Carry on polling: can George Osborne keep it up until May?
This post originally appeared on Progress Online.
Before Christmas, I wrote a piece for Conservative Home about the polling landscape six months out from the general election and what one can tell about the situation from historical precedents. The findings were not entirely encouraging for Labour: Labour oppositions tend to poll worse in the election than they do in the polls at this stage. Steve Fisher does similar things in a somewhat more rigorous fashion and his last look at the charts in December suggested that the likeliest single outcome is for Labour to be the largest single party in a hung parliament, which is more or less what most of the prognosticating classes seem to expect.
Despite frequent warnings about how unpredictable it all is, there is a strong convergence in forecasts of the overall results.
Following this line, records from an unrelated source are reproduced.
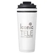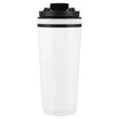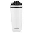 Create the perfect protein drink using this 26 ounce shaker bottle! Made of stainless steel, this item is double-wall vacuum insulated and can keep drinks hot for 12 hours or cold for 30 or more hours. Included are a double-snap lid with a removable agitator, a flip-up carry handle, and internal measurement markings. Unlike other bottles out there, this item will not sweat or absorb odors and it can fit inside any standard-sized cup holder. This product will easily become a post-workout must-have.
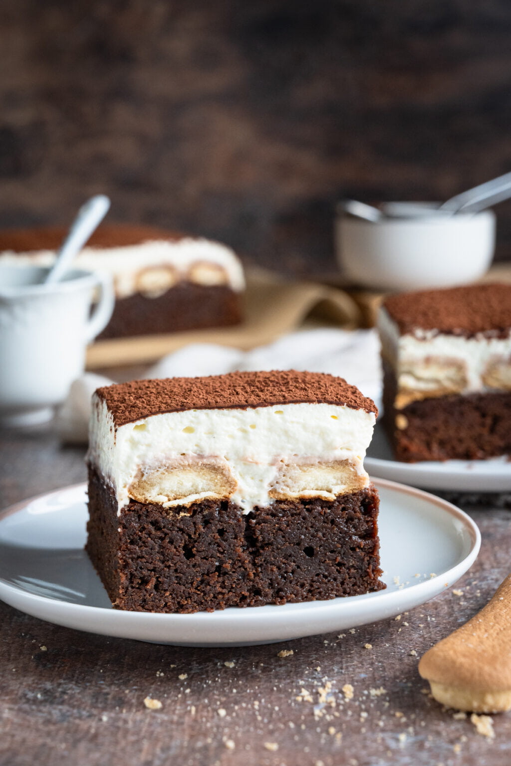 To połączenie klasycznego, wilgotnego brownie z delikatnym kremem śmietankowym i kawowymi biszkoptami to prawdziwa deserowa przyjemność. Brownie a’la tiramisu zachwyca intensywnym smakiem czekolady, aromatem biszkoptów nasączonych w kawie oraz lekkością kremu ze śmietanki i mascarpone. Bez wątpienia to coś więcej niż zwykłe ciasto, to wyjątkowy deser, który sprawdzi się zarówno na co dzień, jak i od święta.
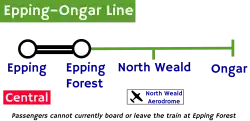 Operando aos domingos e feriados com trens da Classe 117 britânica, o serviço vai da estação Ongar até a Estação Coopersale Halt e é promovido por voluntários que cuidam da linha assim como dos trens. Já o terreno e a infraestrutura são da Epping Ongar Railway Ltd.
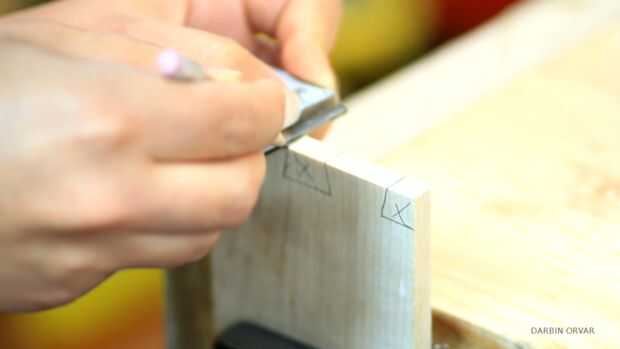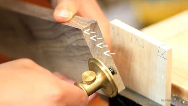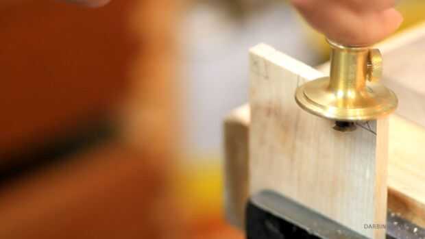 A continuación, estoy marcando la línea de base de los dientes con un gramil. Esto determinará cuánto tiempo estarán las clavijas. También es la distancia de hasta qué punto la Junta de la cola (arce) entrará en el tablón de anuncios (el nogal).

Where things get complicated is at the level of individual seats, where we can expect some peculiar variations in behaviour among seats based on region, demographics and relative susceptibility to the appeals of Liberal Democrats, the United Kingdom Independence party, the Green party and the Scottish National party. To strain a scientific metaphor, while all sorts of weirdness might happen at micro level, the macro level national picture will probably not be that far away from the Newtonian world of uniform swing.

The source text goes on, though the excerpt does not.